We replace that missing timestamp with the latest datapoint behind it, which is 2017-04-09 23:00:00

df_before = dt_df.copy().loc[:'2017-04-10 00:00:00']
df_after = dt_df.copy().loc['2017-04-10 01:00:00':]
new_date = pd.to_datetime('2017-04-10 00:00:00')
new_data = pd.DataFrame(df_before[-1:].values, index=[new_date], columns=df_before.columns)
df_before = pd.concat([df_before,new_data],axis=0)

dt_df = pd.concat([df_before, df_after])
dt_df.reset_index(drop=True)

dt_df["duration"] = 20
dt_df.loc[0,"duration"] = 0
dt_df.duration = dt_df.duration.cumsum()

dt_df['Date_with_seconds'] = pd.Timestamp("2017-03-29 12:00:00") + pd.to_timedelta(dt_df['duration'], unit='s')

dt_df = dt_df.set_index("Date_with_seconds")

EDA

Correlation Heatmap

fig = plt.figure(figsize=(18,18))

sns.heatmap(dt_df.corr(), annot=True, cmap='viridis')

<AxesSubplot:>

png

First you can tell the % of silica is negatively corelated to the % of iron concentrate, which makes sense since they are separately desired and undesired substance of the process, purity and impurity
Secondly, the airflow in column 1 is in general positively corelated to the airflow in column 2-7 except for column 5, which arise a potential doubt deserve diving deeper. Also we can tell the larger the airflow is, the lower the flotation level is in the responding column.
Thirdly, we can see from the correlation heat map that the ore pulp flow and starch flow barely have influence on the final product – % iron and % silica. on top of the fact that they both have positive corelation with the airflow measured in the columns, we can later verify the underlying collinearity by eigenvalue.

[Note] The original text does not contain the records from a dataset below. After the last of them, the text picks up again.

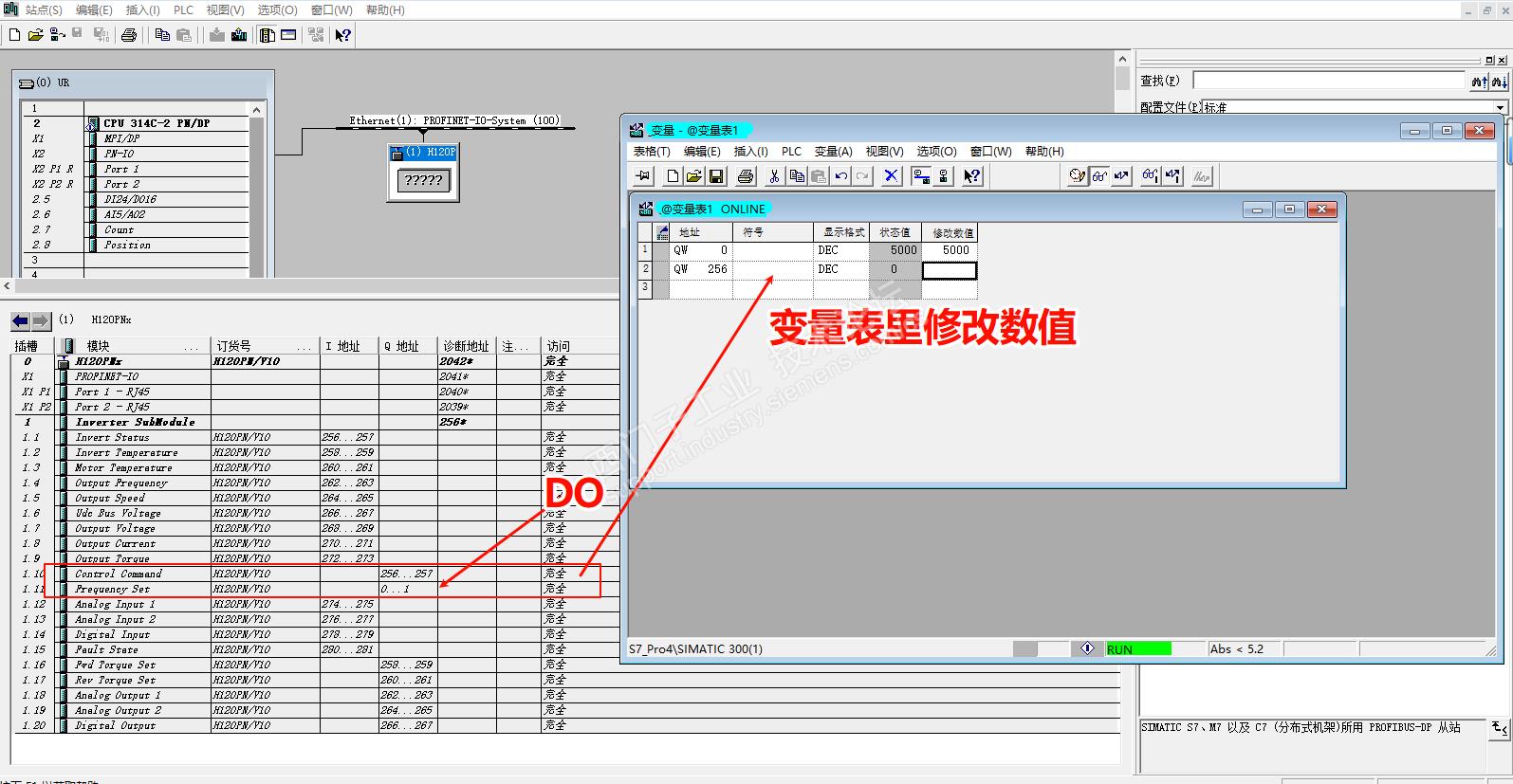 3、在变量表里修改地址数值,对变频器相对应参数进行控制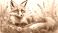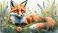 Dla Dzieci - Lis leżący na posłaniu z trawy w otoczeniu ziół i kwiatów #706328934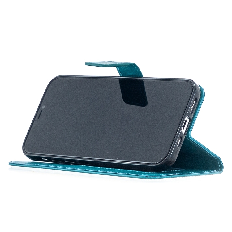 Funda de Cuero Crazy Horse para iPhone 13 Pro con Tapa Horizontal, Soporte, Ranuras para Tarjetas, Billetera y Marco de Fotos (Azul)
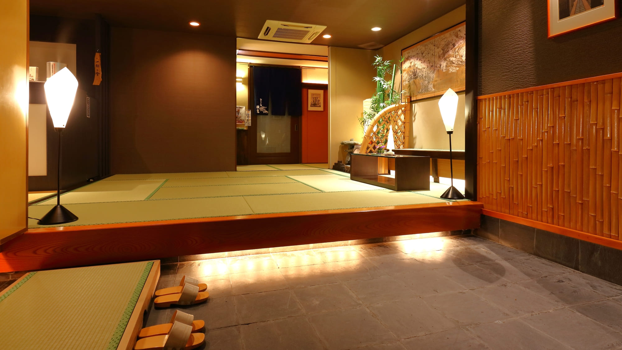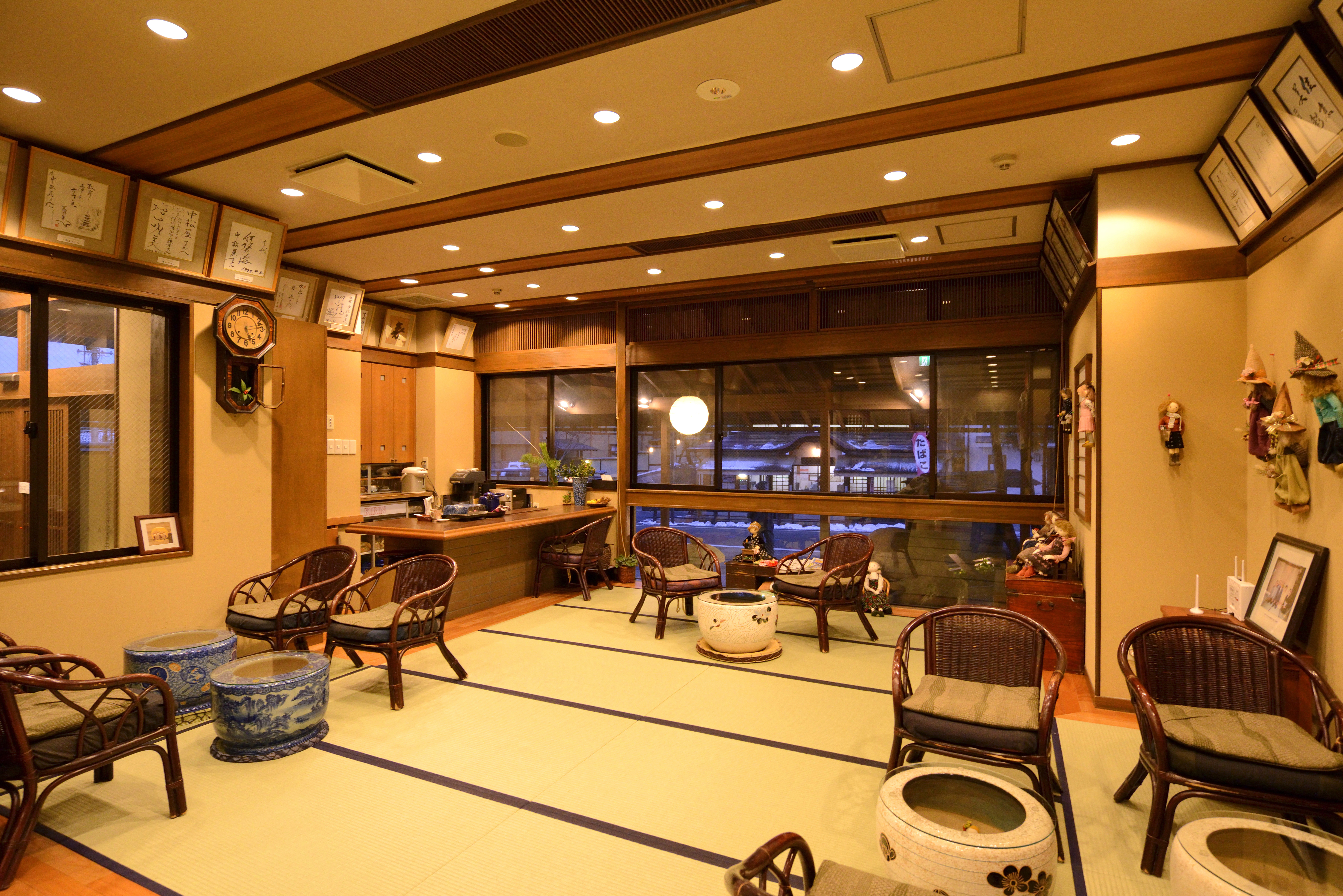 館内がすべて畳敷になっているので、玄関で靴を脱いで裸足でゆっくり過ごせるリラックスさ最高❣️

Feature Histogram-cross correlation and distribution

plt.figure(figsize=(20,20),dpi=200)
for i , n in enumerate(dt_df.columns.to_list()):
    plt.subplot(6,4,i+1)
    ax = sns.histplot(data=dt_df, x=n, kde=False, bins=20)#, multiple="stack")
    plt.title(f"Histograma {n}", fontdict={"fontsize":14})
    plt.xlabel("")
    plt.ylabel(ax.get_ylabel(), fontdict={"fontsize":12})
    if i not in [0,4,8,12,16,20,24]:
        plt.ylabel("")
    

plt.tight_layout();

png

Feature Boxplot-distribution

scaler = StandardScaler()

z = pd.DataFrame(scaler.fit_transform(dt_df), columns=dt_df.columns, index=dt_df.index)
z = z.melt()

plt.figure(figsize=(14,6),dpi=100)
sns.boxplot(x=z["variable"], y=z["value"]);
plt.xticks(rotation=90);
plt.xlabel("");
plt.title("Boxplots Univariados");

png

Timeseries lag trend

df_h = dt_df.resample('H').first()
df_h.index.names = ['Date']

result = seasonal_decompose(df_h["%_Silica_Concentrate"][:300])

def decompose_plot(result):

    fig,axes = plt.subplots(ncols=1,nrows=4,figsize=(12,7))

    axes[0].plot(result.observed.index, result.observed.values, color='tab:cyan')
    axes[0].set_ylabel("Observed",fontdict={"size":10,},labelpad=10)
    axes[0].set_xticks(axes[0].get_xticks(), rotation=45)

    axes[1].plot(result.trend.index, result.trend.values, color='tab:cyan')
    axes[1].set_ylabel("Trend",fontdict={"size":10,},labelpad=10)

    axes[2].plot(result.seasonal.index, result.seasonal.values, color='tab:cyan')
    axes[2].set_ylabel("Seasonality",fontdict={"size":10,},labelpad=10)

    axes[3].plot(result.resid.index, result.resid.values, color='tab:cyan')
    axes[3].set_ylabel("Residuals",fontdict={"size":10,},labelpad=10)
    
    for n in range(0,4):
        axes[n].autoscale(axis="both",tight=True)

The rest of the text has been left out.